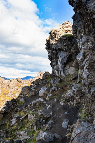 Склоны каньона в Ландманналейгаре в Исландии
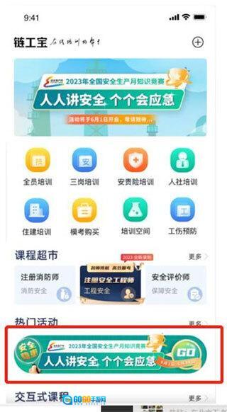 2、打开后,在首页点击“2023年全国安全生产月知识竞赛”的胶囊样式图片(具体样式可参考下方图示),随后进入报名环节,该环节共包含三个步骤:
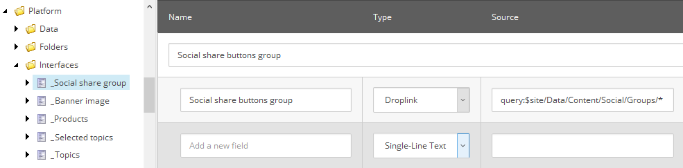 From this moment, adding _Social share groups interface template into an inheritance of some page templates adds a section with an option of selecting a social group for all pages of these type. You may also customize label (and if) shown next to social buttons.

▶ **To do**:
From the data above, write out everything exactly except the pictures.

▶ **Exercise result**:
 Склоны каньона в Ландманналейгаре в Исландии
 2、打开后,在首页点击“2023年全国安全生产月知识竞赛”的胶囊样式图片(具体样式可参考下方图示),随后进入报名环节,该环节共包含三个步骤:
 From this moment, adding _Social share groups interface template into an inheritance of some page templates adds a section with an option of selecting a social group for all pages of these type. You may also customize label (and if) shown next to social buttons.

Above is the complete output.